(TASK INPUT)
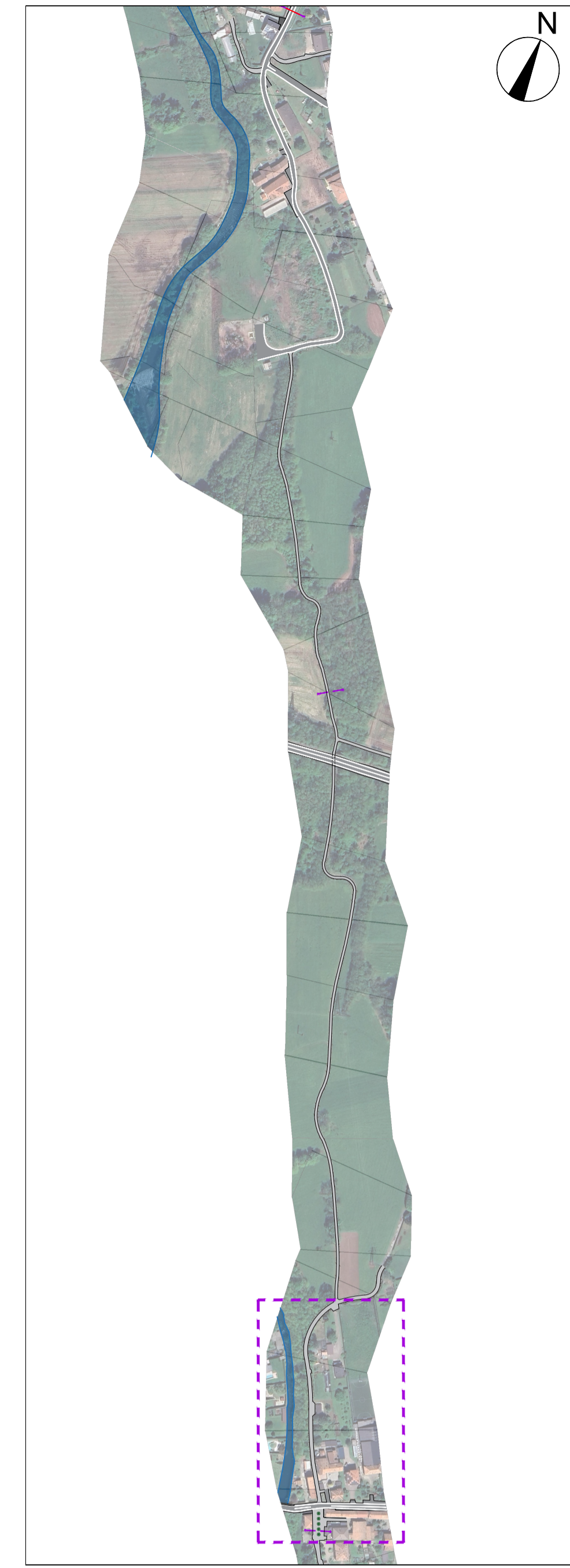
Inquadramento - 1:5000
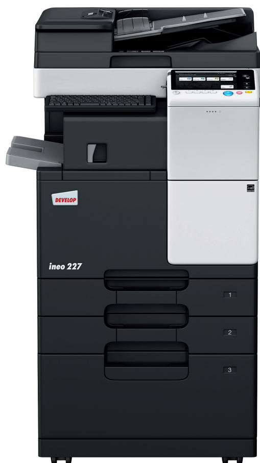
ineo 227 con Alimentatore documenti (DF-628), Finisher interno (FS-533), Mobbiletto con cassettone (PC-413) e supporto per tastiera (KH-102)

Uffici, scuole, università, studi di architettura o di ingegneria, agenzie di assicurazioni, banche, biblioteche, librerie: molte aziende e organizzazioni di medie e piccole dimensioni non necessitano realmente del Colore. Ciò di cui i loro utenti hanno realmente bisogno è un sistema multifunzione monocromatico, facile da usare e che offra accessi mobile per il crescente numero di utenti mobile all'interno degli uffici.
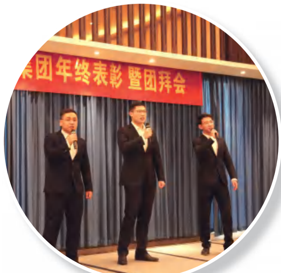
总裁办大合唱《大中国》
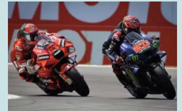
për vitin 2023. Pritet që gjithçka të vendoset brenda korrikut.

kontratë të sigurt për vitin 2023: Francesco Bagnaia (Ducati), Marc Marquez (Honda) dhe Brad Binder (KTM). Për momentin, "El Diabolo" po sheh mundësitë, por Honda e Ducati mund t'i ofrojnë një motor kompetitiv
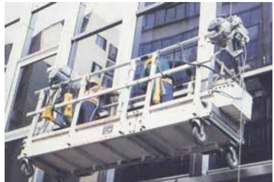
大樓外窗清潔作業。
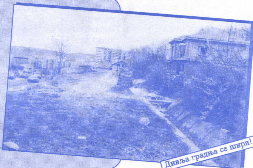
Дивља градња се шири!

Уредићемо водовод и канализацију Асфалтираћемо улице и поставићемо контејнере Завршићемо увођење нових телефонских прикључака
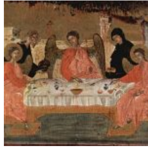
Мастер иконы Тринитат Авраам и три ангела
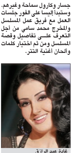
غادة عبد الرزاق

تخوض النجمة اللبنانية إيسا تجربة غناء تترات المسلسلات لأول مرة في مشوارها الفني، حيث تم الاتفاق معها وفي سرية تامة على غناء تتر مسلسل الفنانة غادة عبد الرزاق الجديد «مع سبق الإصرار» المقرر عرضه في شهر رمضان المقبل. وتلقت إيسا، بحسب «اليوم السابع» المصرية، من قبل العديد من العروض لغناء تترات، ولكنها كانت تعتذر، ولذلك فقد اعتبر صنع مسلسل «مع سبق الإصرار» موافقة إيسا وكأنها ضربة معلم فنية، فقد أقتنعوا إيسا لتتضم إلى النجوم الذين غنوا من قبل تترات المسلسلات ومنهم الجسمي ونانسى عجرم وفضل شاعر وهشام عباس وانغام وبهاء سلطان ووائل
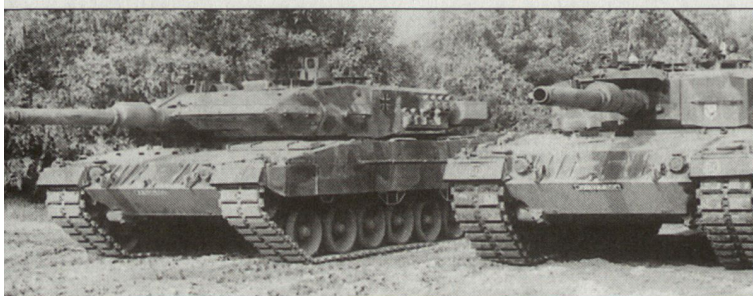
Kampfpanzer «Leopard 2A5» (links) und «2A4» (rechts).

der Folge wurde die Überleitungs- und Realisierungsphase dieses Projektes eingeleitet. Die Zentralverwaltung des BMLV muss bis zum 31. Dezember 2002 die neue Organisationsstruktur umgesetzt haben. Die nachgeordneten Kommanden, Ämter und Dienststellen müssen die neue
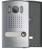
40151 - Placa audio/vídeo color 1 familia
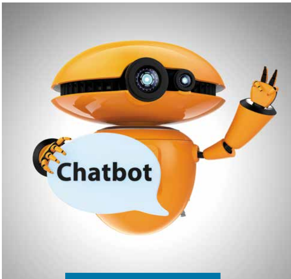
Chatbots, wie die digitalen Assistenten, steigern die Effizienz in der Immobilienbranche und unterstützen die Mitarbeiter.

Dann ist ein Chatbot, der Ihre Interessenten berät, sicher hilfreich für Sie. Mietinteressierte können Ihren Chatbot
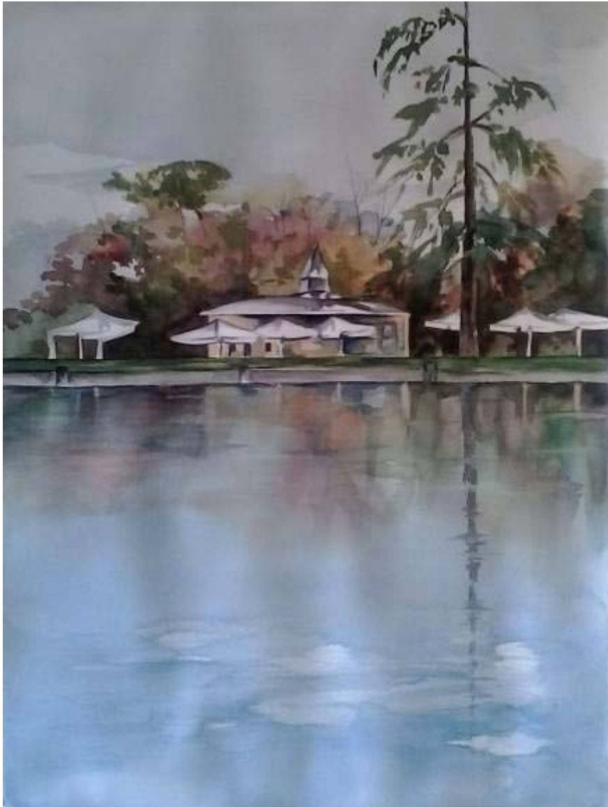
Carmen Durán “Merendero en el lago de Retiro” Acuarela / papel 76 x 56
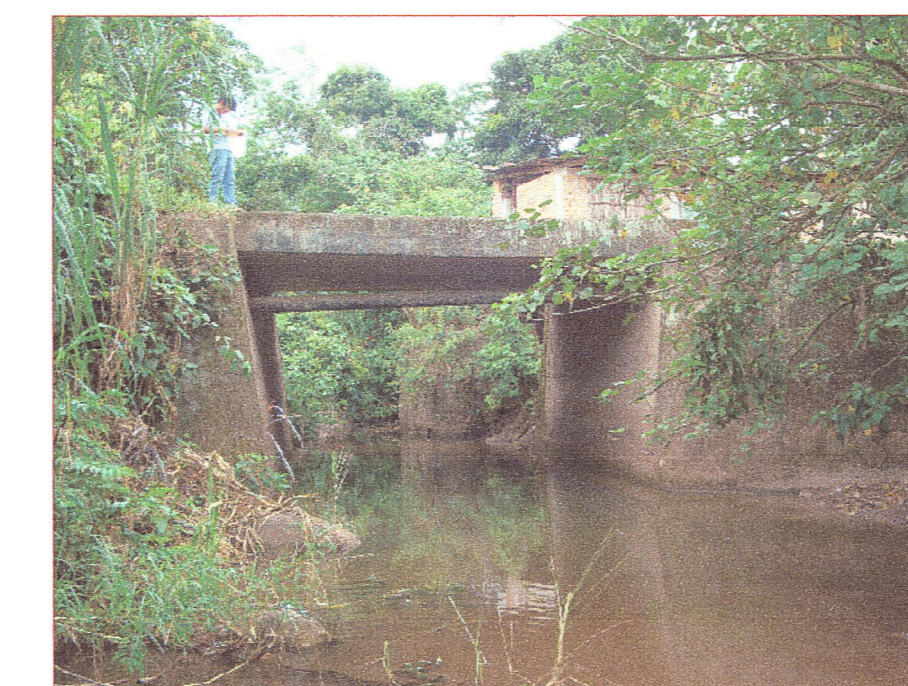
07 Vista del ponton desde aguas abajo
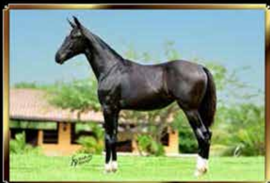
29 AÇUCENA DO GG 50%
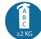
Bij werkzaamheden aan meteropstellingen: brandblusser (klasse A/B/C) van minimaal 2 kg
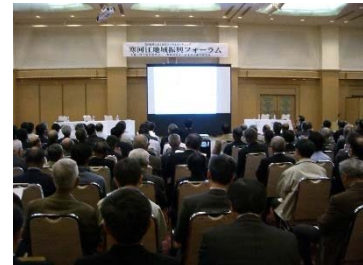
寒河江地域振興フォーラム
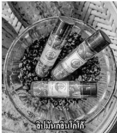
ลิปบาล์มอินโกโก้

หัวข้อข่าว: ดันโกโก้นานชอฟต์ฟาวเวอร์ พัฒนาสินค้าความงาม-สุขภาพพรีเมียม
(End TASK INPUT)
### WHAT IS NEEDED
This exercise needs every line of the listing that contains the word "นโกโก".

### TASK RESPONSE
ลิปบาล์มอินโกโก้
หัวข้อข่าว: ดันโกโก้นานชอฟต์ฟาวเวอร์ พัฒนาสินค้าความงาม-สุขภาพพรีเมียม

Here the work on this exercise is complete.